**TASK TO CARRY OUT:** Since only part of the material below is wanted, output exactly the lines from the one with "Premium Whey de" up to and including the one with "Tarjous on voimassa".

**SOURCE RECORDS:**
┄┄┄┄┄┄┄┄┄┄

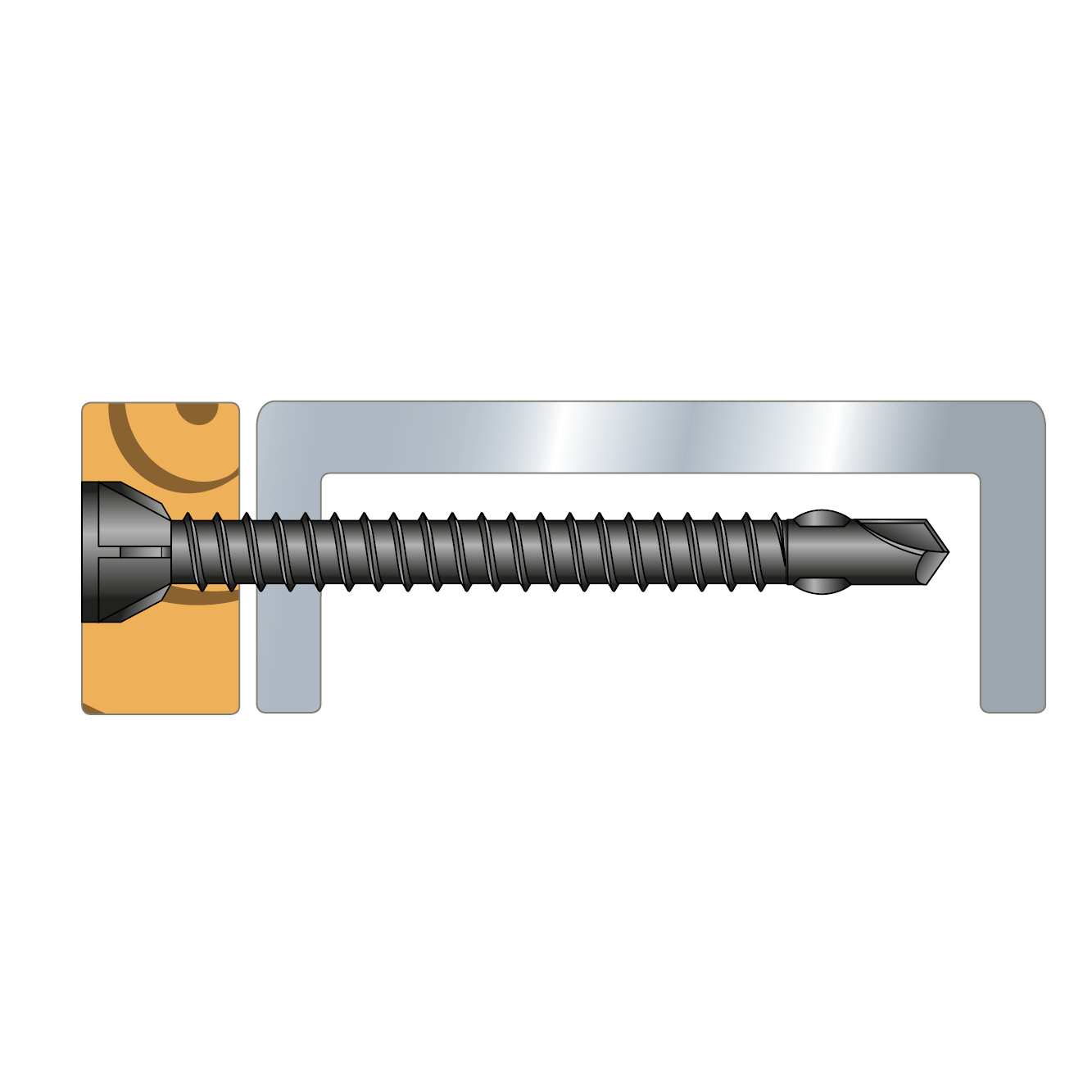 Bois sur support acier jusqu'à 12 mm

┄┄┄┄┄┄┄┄┄┄

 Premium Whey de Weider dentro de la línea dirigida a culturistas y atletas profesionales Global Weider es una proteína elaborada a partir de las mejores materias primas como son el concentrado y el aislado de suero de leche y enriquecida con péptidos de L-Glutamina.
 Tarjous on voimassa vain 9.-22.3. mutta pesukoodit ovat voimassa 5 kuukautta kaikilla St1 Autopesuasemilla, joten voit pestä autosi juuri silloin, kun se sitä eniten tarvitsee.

┄┄┄┄┄┄┄┄┄┄

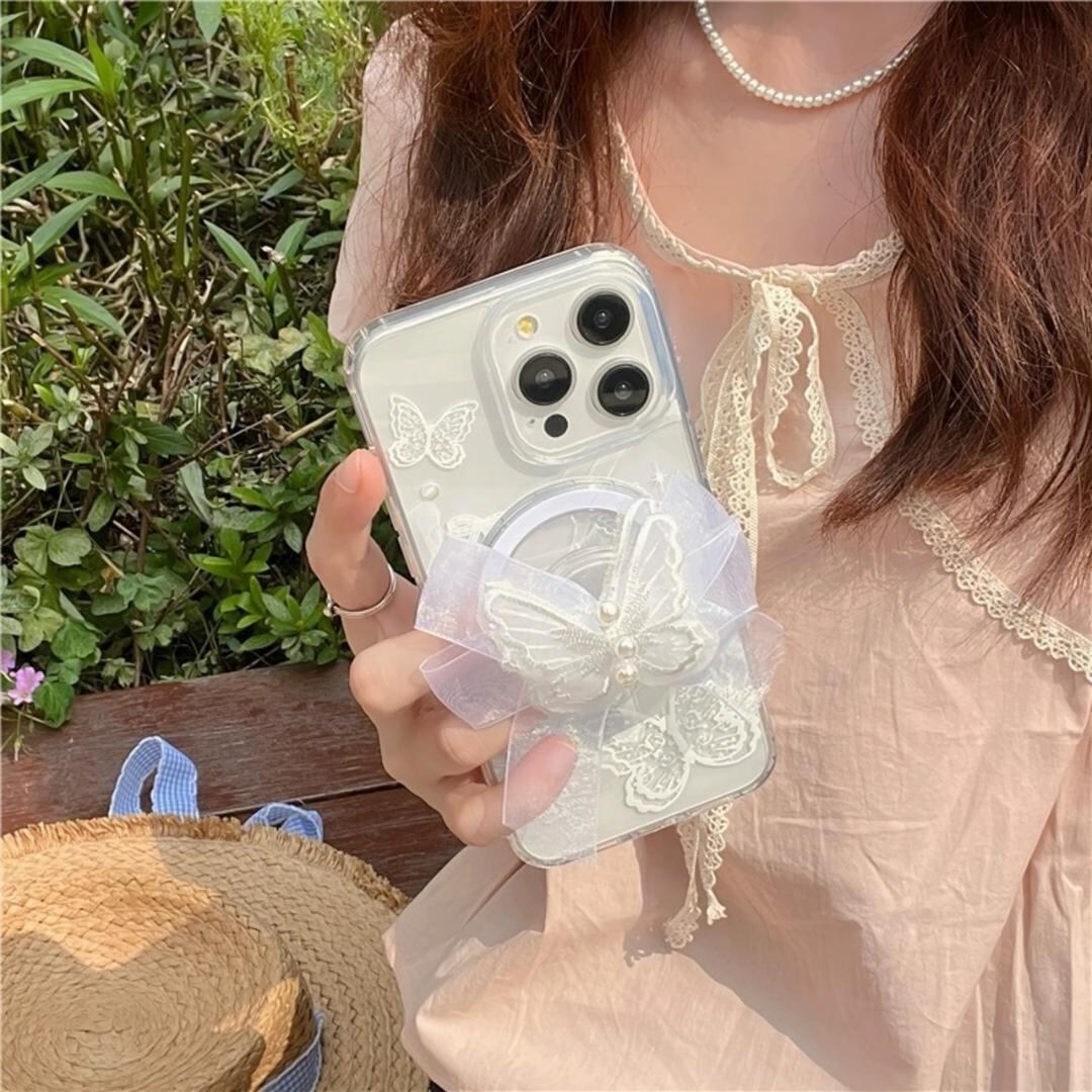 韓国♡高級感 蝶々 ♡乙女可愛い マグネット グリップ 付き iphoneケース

┄┄┄┄┄┄┄┄┄┄

**RESULT FOR THIS EXERCISE:**
 Premium Whey de Weider dentro de la línea dirigida a culturistas y atletas profesionales Global Weider es una proteína elaborada a partir de las mejores materias primas como son el concentrado y el aislado de suero de leche y enriquecida con péptidos de L-Glutamina.
 Tarjous on voimassa vain 9.-22.3. mutta pesukoodit ovat voimassa 5 kuukautta kaikilla St1 Autopesuasemilla, joten voit pestä autosi juuri silloin, kun se sitä eniten tarvitsee.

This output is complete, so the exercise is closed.